As últimas rodadas do Ibope e do Datafolha confirmam a vitória provável de Jair Bolsonaro no próximo dia 28 por uma diferença de quase 20 milhões de votos.
A manter-se nas urnas uma votação compatível com a registrada ns pesquisas, Bolsonaro terá perto de 63 milhões, talvez até 65 milhões de votos, a maior marca na história brasileira, superior até à votação de Donald Trump nos Estados Unidos, onde o eleitorado é bem maior.
Tais números revelam o fracasso da estratégia petista de escolhê-lo como rival no segundo turno, acreditando que a alta taxa de rejeição o levaria à derrota. A rejeição a Bolsonaro vem caindo, enquanto a rejeição a Fernando Haddad e ao PT tem subido.
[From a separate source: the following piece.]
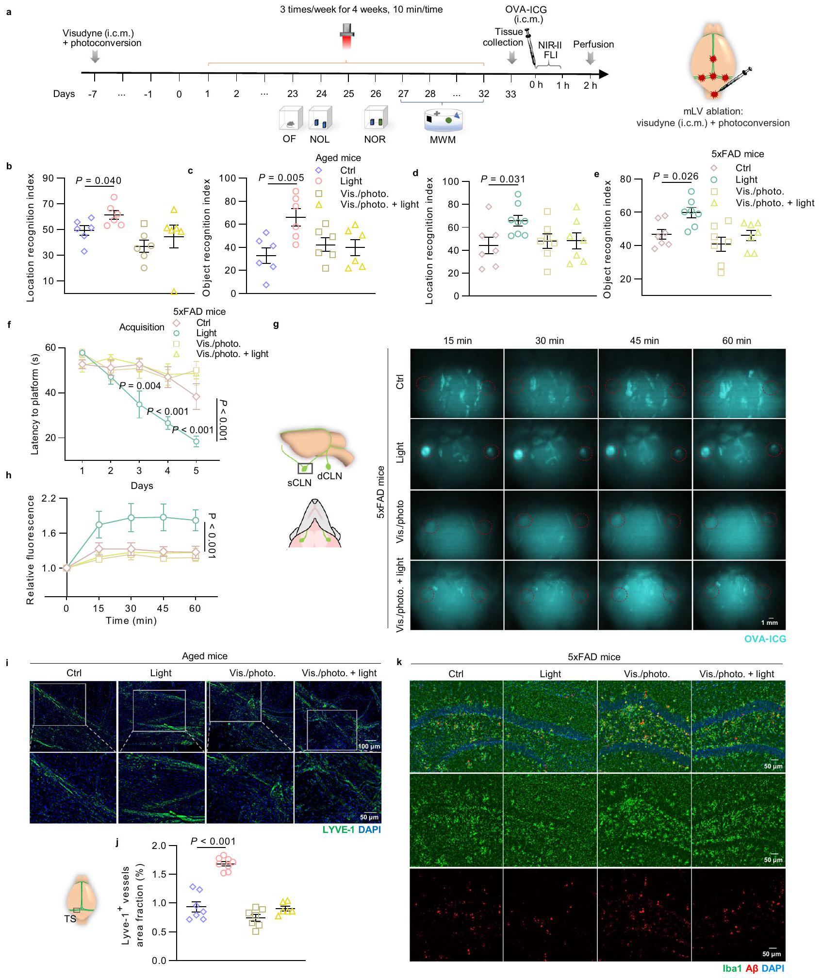 لتحديد ما إذا كان التأثير المفيد للضوء على الوظيفة الإدراكية ومرض الزهايمر المرتبط بالمرض يعتمد على زيادة تصريف الأوعية اللمفية الصغيرة، قمنا بإجراء استئصال للأوعية اللمفية الصغيرة على الفئران المسنّة (15-17 شهرًا، ذكور وإناث) وفئران 5xFAD (6 أشهر، ذكور) وفقًا للإجراء الموصوف في الدراسات السابقة.. ثم قمنا بإجراء علاج بالضوء ( ) على الفئران المسنّة التي تم استئصال mLVs و تمت معالجة الفئران FAD لمدة 4 أسابيع، ثم تم تقييم القدرة الحركية، والقلق، والتعلم والذاكرة لدى الفئران من خلال اختبارات سلوكية (الشكل 4a). لم يكن للضوء أي تأثير على المسافة الإجمالية، أو السرعة المتوسطة، أو الوقت في المركز في اختبار OF (الشكل التكميلي 9a-d والشكل التكميلي 10a-d)، مما يشير إلى عدم وجود تغيير في الحركة أو سلوك القلق. مشابهًا للنتائج المذكورة أعلاه، حسّن علاج الضوء وظيفة التعلم والذاكرة لدى الفئران المسنّة وفئران AD، بينما لم تكن هناك تأثيرات في الفئران التي تم استئصال mLVs منها (مؤشر التعرف على الكائن: Vis./photo. +light للفئران المسنّة:مقابل الصور/الفوتوغرافية للفئران المسنّة:، في اختبار NOR؛ رؤية/صورة + ضوء من فئران 5xFAD: مقابل صورة/فوتوغرافية لـ فئران، في اختبار NOR) (الشكل 4ب-و، الشكل التوضيحي 9هـ-ك والشكل التوضيحي 10هـ-ن). أظهرت هذه النتائج التأثير الإيجابي لعلاج الضوء في تحسين الإدراك لدى الفئران المسنّة وفئران الزهايمر، والذي تم إلغاؤه بعد إزالة الممرات اللمفية المتوسطة، مما يكشف أن الممرات اللمفية المتوسطة لعبت دورًا مهمًا في تعزيز الإدراك من خلال علاج الضوء.

Essa situação é resultado de dois fatores: 1) uma estratégia bem-sucedida na campanha de Bolsonaro; 2) as contradições da campanha de Haddad.
Bolsonaro soube aproveitar a vantagem eleitoral oferecida pelo atentado de que foi vítima. Num primeiro momento, a recuperação lhe permitiu ganhar a simpatia do público sem ser exposto ao confronto ou ao debate de ideias.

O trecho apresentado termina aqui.